▶ EXERCISE GOAL
With pictures left out, output exactly the lines of the listing below from the line that has "ギリィはいつものように即興で" to the line that has "Kurum'un açıkladığı mal", both lines kept.
---------- RECORD SET
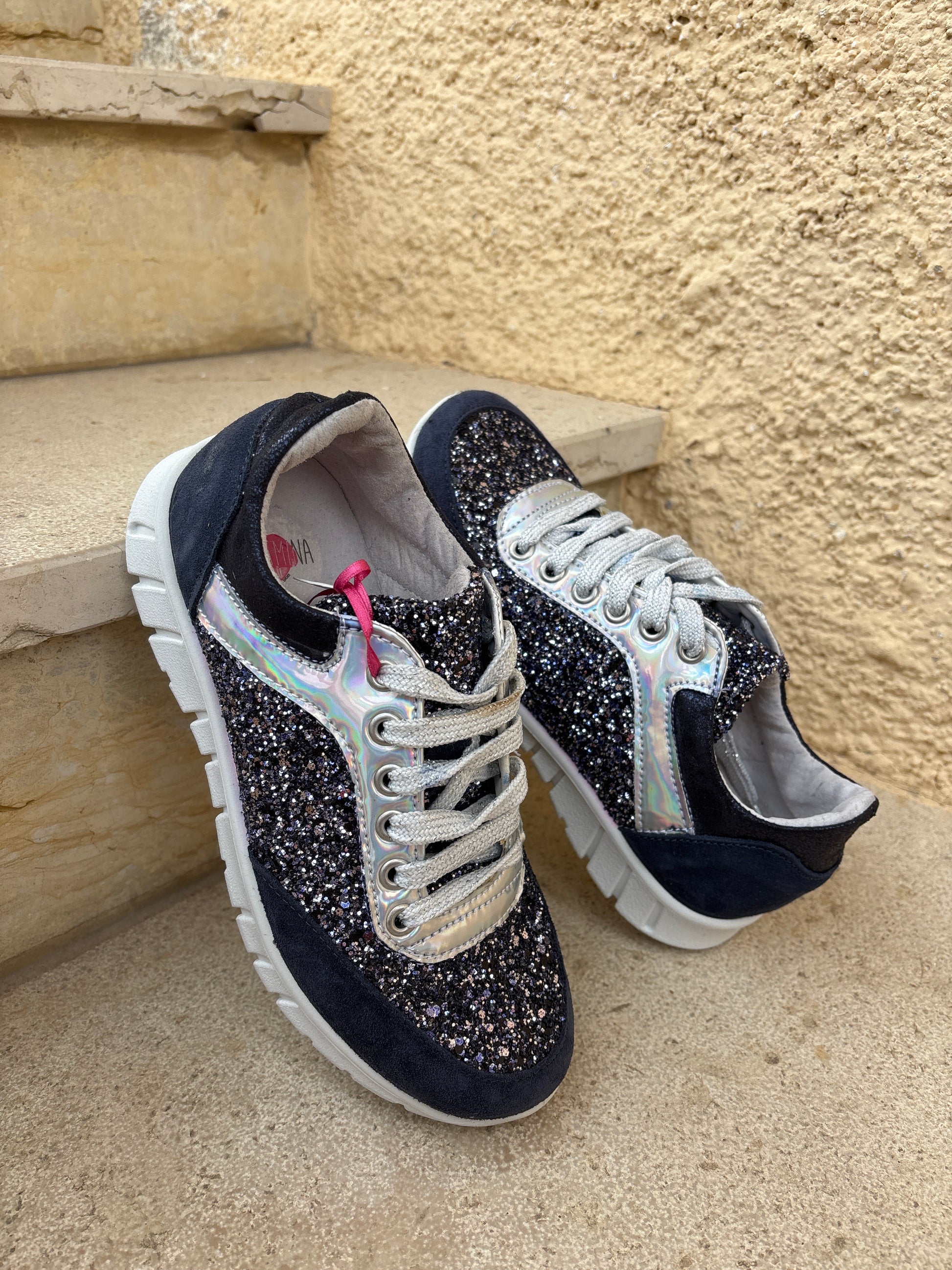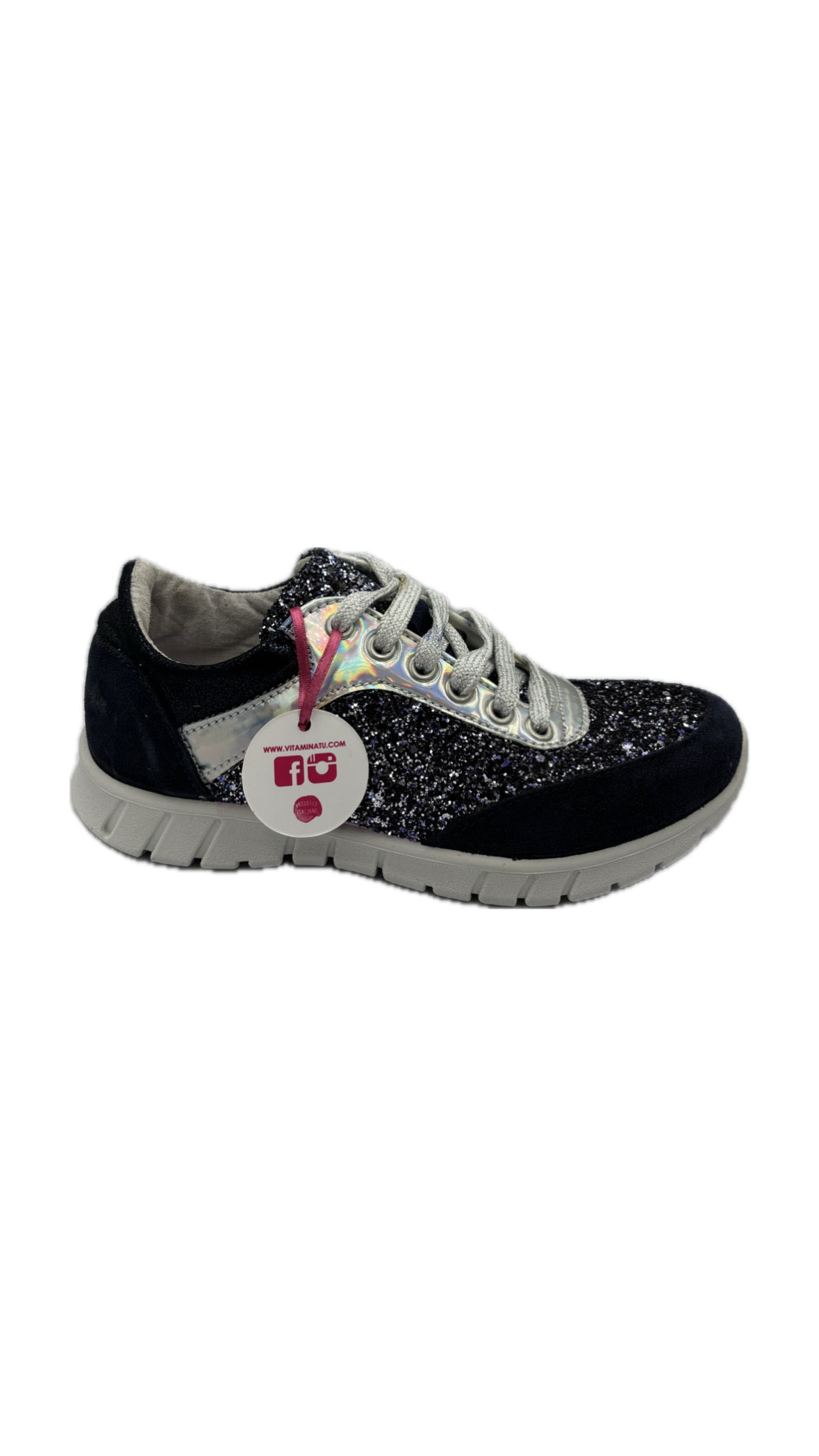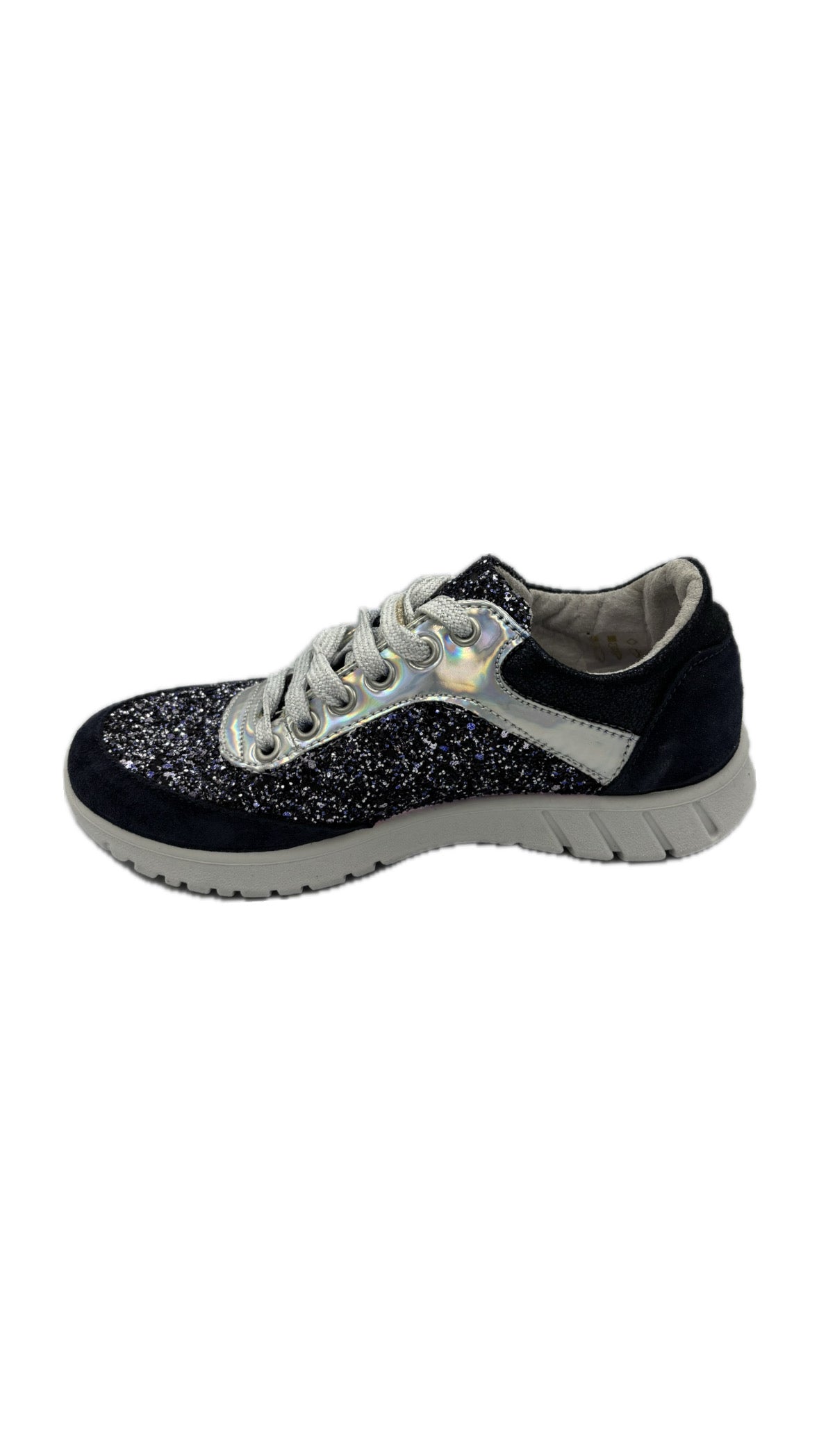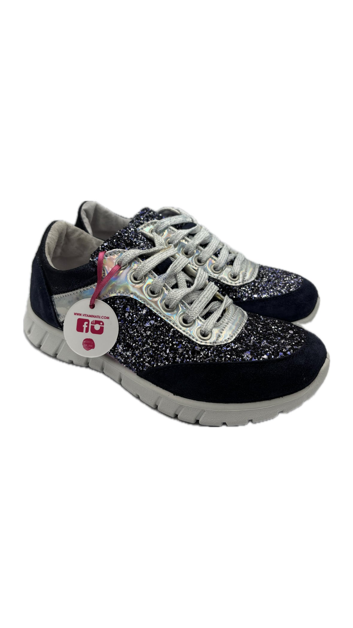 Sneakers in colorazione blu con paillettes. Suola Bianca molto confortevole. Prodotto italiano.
--------------------
---------- RECORD SET
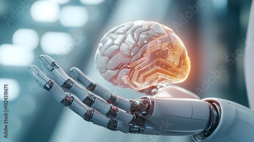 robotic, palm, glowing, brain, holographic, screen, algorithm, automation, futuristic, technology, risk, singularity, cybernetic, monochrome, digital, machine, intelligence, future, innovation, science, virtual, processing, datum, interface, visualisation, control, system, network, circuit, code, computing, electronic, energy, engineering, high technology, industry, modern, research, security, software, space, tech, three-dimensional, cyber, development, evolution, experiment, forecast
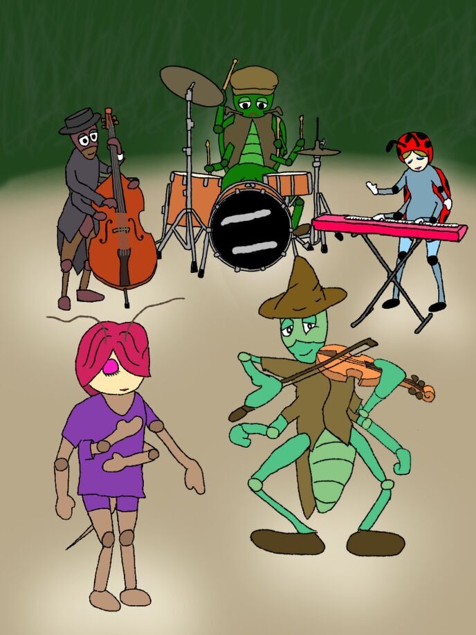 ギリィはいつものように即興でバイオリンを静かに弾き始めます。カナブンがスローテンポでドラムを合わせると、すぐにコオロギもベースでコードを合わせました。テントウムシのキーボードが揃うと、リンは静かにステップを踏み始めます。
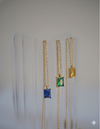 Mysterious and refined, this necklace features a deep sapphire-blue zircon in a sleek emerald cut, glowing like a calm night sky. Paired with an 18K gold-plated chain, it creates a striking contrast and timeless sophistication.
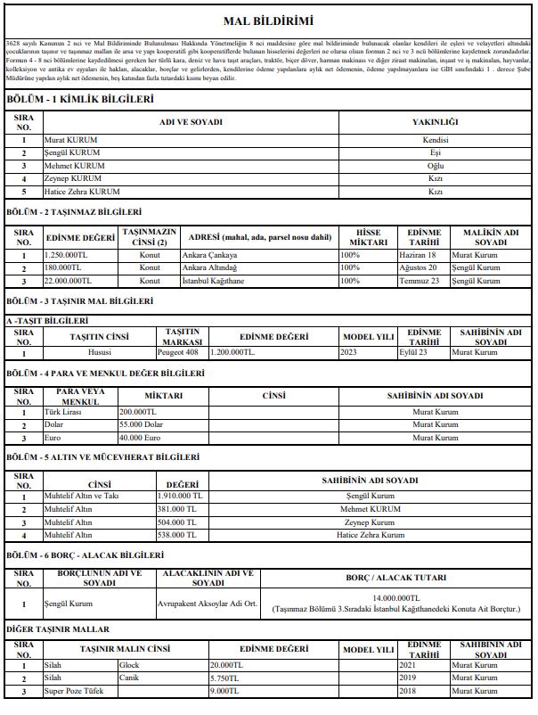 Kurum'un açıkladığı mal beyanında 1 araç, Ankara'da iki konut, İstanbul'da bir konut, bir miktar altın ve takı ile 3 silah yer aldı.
--------------------
▶ OUTPUT FOR THIS EXERCISE
 ギリィはいつものように即興でバイオリンを静かに弾き始めます。カナブンがスローテンポでドラムを合わせると、すぐにコオロギもベースでコードを合わせました。テントウムシのキーボードが揃うと、リンは静かにステップを踏み始めます。
 Mysterious and refined, this necklace features a deep sapphire-blue zircon in a sleek emerald cut, glowing like a calm night sky. Paired with an 18K gold-plated chain, it creates a striking contrast and timeless sophistication.
 Kurum'un açıkladığı mal beyanında 1 araç, Ankara'da iki konut, İstanbul'da bir konut, bir miktar altın ve takı ile 3 silah yer aldı.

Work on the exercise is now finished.